**WHAT YOU ARE ASKED TO DO:**
The expected result is a verbatim repetition of the lines from the start of the entries through the line containing "Brug en lantaarnpaal, gracht", with the pictures removed.

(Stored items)
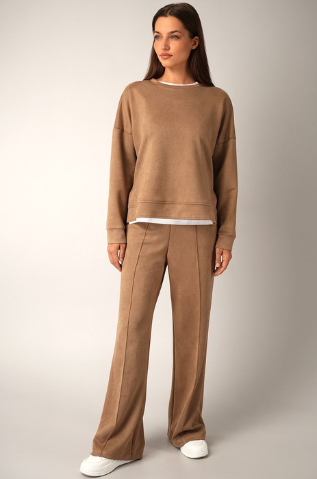 Женский костюм двойка, который влюбляет с первого взгляда! Мягкая экозамша, уютный лонгслив и широкие штаны палаццо создают образ, в котором захочется провести весь день. Универсальный вариант для девушек и женщин, который легко подстраивается под ритм осени и весны.
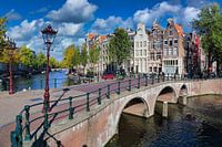 Brug en lantaarnpaal, gracht en herenhuizen in de herfst in Amsterdam
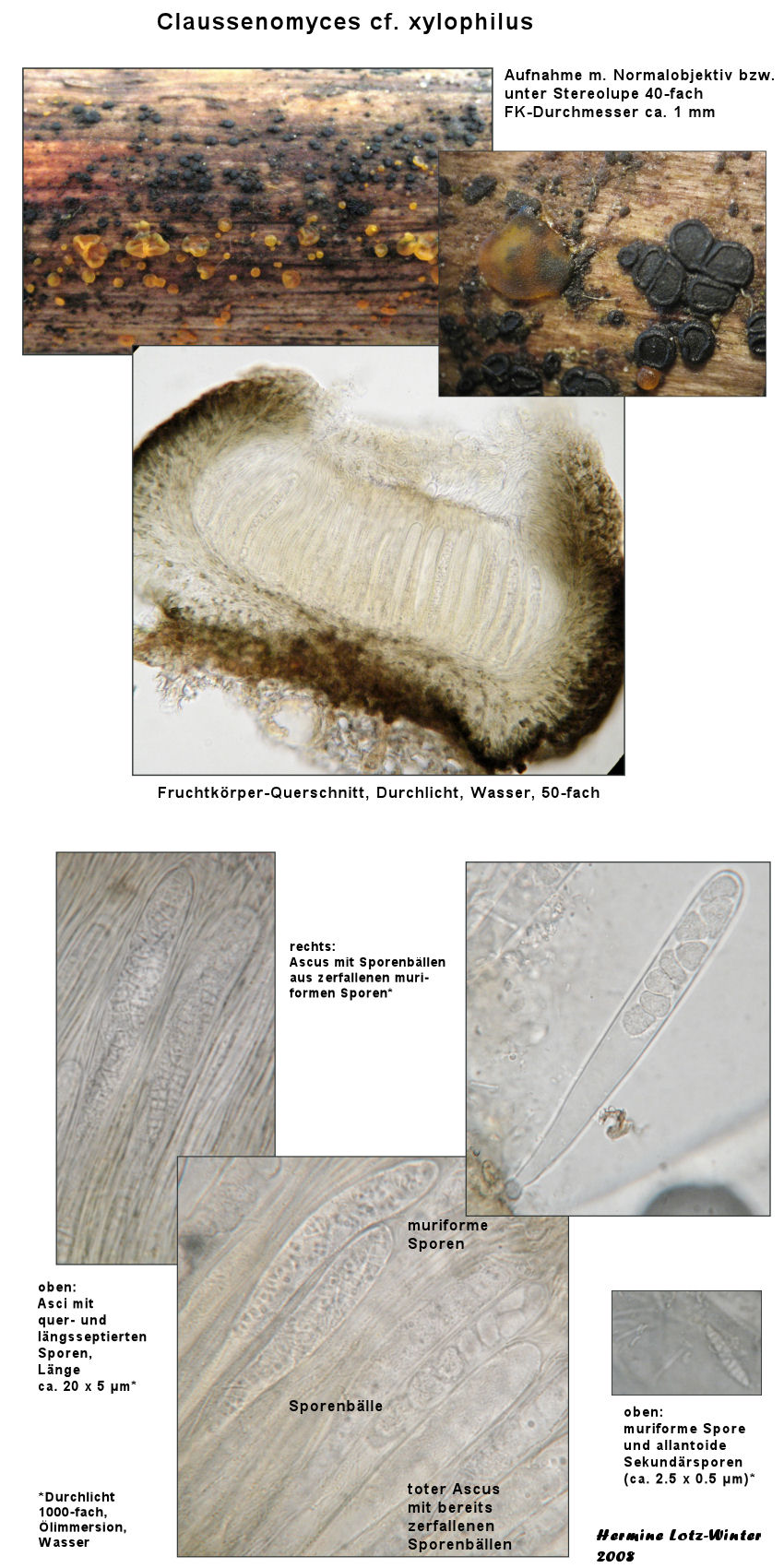 Hallo Ingo, Bingo, aber ich denke, dass ich eine andere Claussenomyces-Art hatte als Du. Nach der DVD von HO Baral habe ich Claussenomyces xylophilus bestimmt, und zwar wegen der allantoiden Konidiosporen in Kombination mit den muriformen Sporen.Übrigens waren meine Pilze auch alle ganz schwarz, auch wenn das nicht so viel aussagt, grünliche Töne sah ich erst im Mikro bei den Schnitten. Ich habe sicherheitshalber auch nochmal nachgefragt, aber in der Kürze der Zeit noch keine Antwort erhalten. Ganz nebenbei: ich habe noch nie vorher einen Claussenomyces gefunden, nur Tympanis auf Apfelbaum, daher war ich ganz ordentlich begeistert! Viele Grüße Hermine
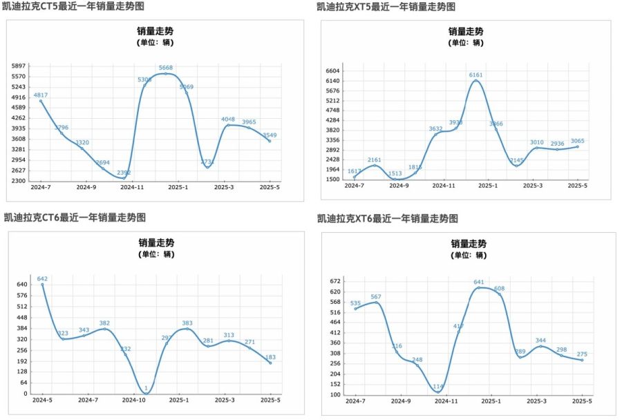分车型具体来看,根据车主指南数据显示,凯迪拉克5月销量呈现 "冰火两重天",CT5以3549辆勉强支撑,截至今年5月末的累计销量为19362辆。XT5则售出3065辆,截至5月末累计销量为15022辆。而定位入门的CT4在5月份仅1辆的销量堪称尴尬,定位高端的大型车XT6月销仅275辆,CT6月销也只有183辆,而且该两款车型销量在今年还均呈现出逐月下滑的趋势。
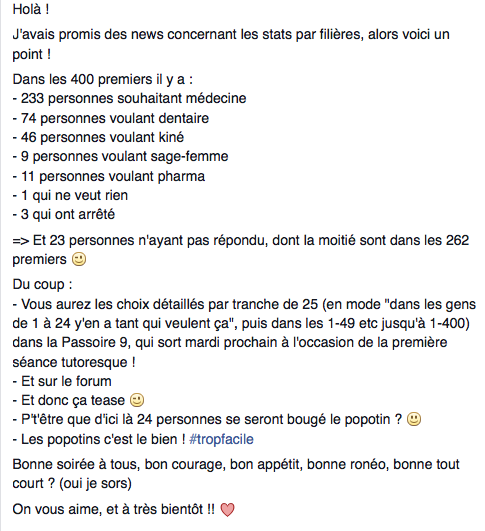 Voici le petit Google Doc à remplir pour faire les stats par filière !
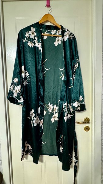 Grön kimono med blommigt mönster och knytband. Kimonon har vita blommor och detaljer. Använd 1 gång.
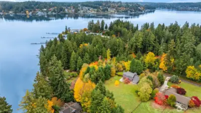Tucked away in one of Fox Island’s most peaceful settings, this beautifully maintained estate blends classic charm with modern updates. Set on a level 1.2+ acre property, it offers both privacy and tranquility. Recent upgrades include: a BRAND-NEW roof, new furnace, certified septic, mold-free treated attic, and a serviced propane system—providing lasting peace of mind. Perfect for entertaining, the home features covered porches and expansive decks with an outdoor bar for gatherings and year-round enjoyment. Upstairs, the primary suite includes a luxurious 5-piece bath, dual walk-in closets, and a cozy sitting area with its own fireplace. A connected shop offers the ideal space for hobbies, storage, or additional workspace.
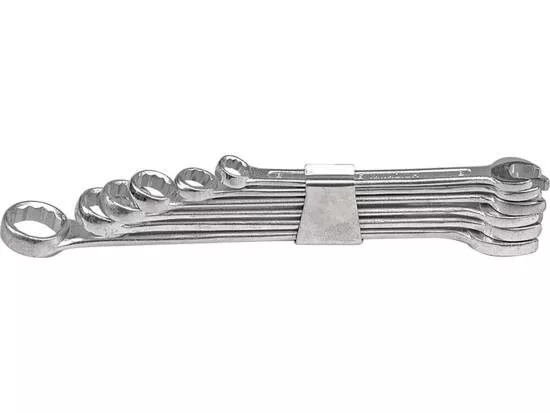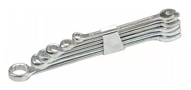 Kétoldalas szénacélból készült csillag-villáskulcs készlet 15 részes. A kulcsfejek 15 fokban ferdén állnak
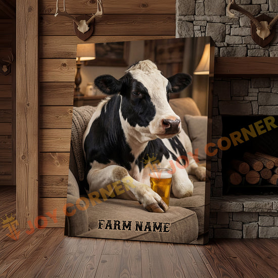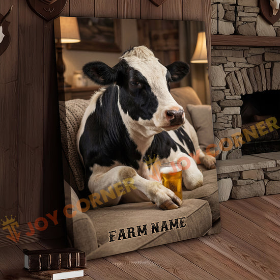 Joycorners Cattle Cow Cozy Farmhouse Holstein Cow Relaxing On Sofa Personalized Name Canvas
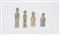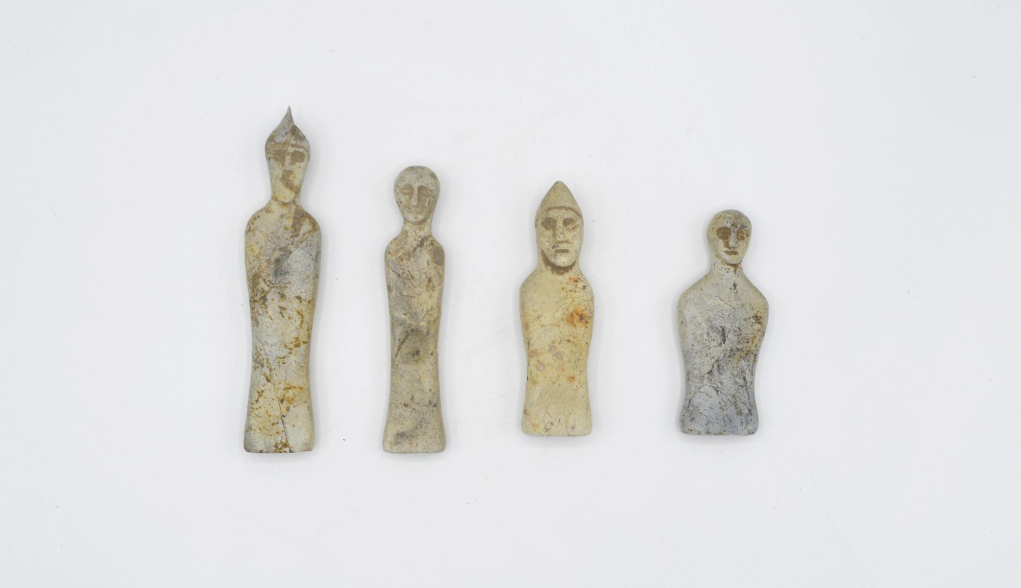 Quattro statuette maschili con corpi stilizzati, completamente avvolti nei mantelli; due con cappello conico a punta e volto con barba appuntita; le altre due con cappello abbassato posteriormente sul collo; alla base della statuetta sigillo con volatile stilizzato. (4)
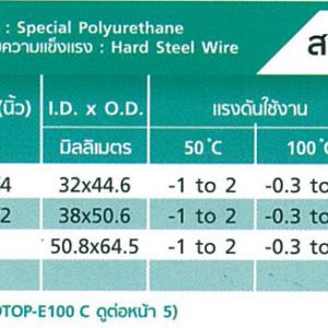 | คุณลักษณะเฉพาะของผลิตภัณฑ์ | วัสดุหลัก: โพลียูริเทนเรซินพิเศษ วัสดุเสริมแรง: ลวดเหล็กหนัก ID: 32mm~50mm ช่วงอุณหภูมิใช้งาน: -5℃ ~100℃ |
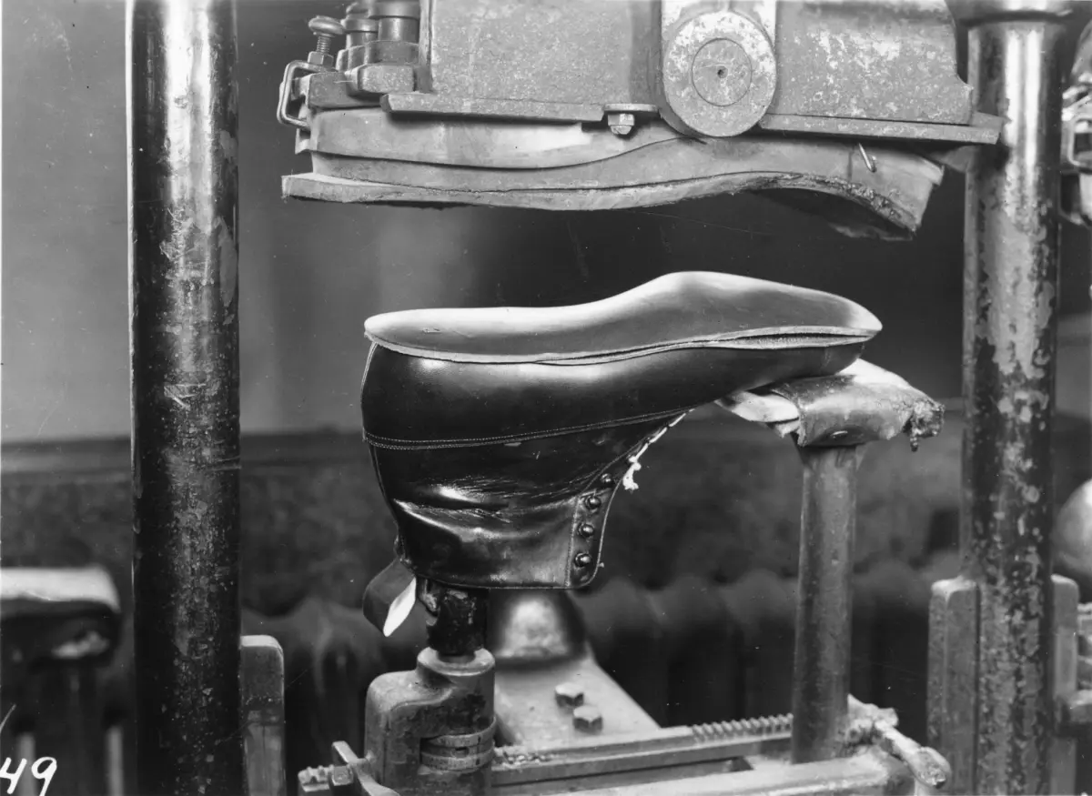 Svenska Skoindustri AB i Örebro. Slitsulan av kärnläder lägges på och pressas fast provisoriskt.

**REPLY TO THE TASK:**
 Женский костюм двойка, который влюбляет с первого взгляда! Мягкая экозамша, уютный лонгслив и широкие штаны палаццо создают образ, в котором захочется провести весь день. Универсальный вариант для девушек и женщин, который легко подстраивается под ритм осени и весны.
 Brug en lantaarnpaal, gracht en herenhuizen in de herfst in Amsterdam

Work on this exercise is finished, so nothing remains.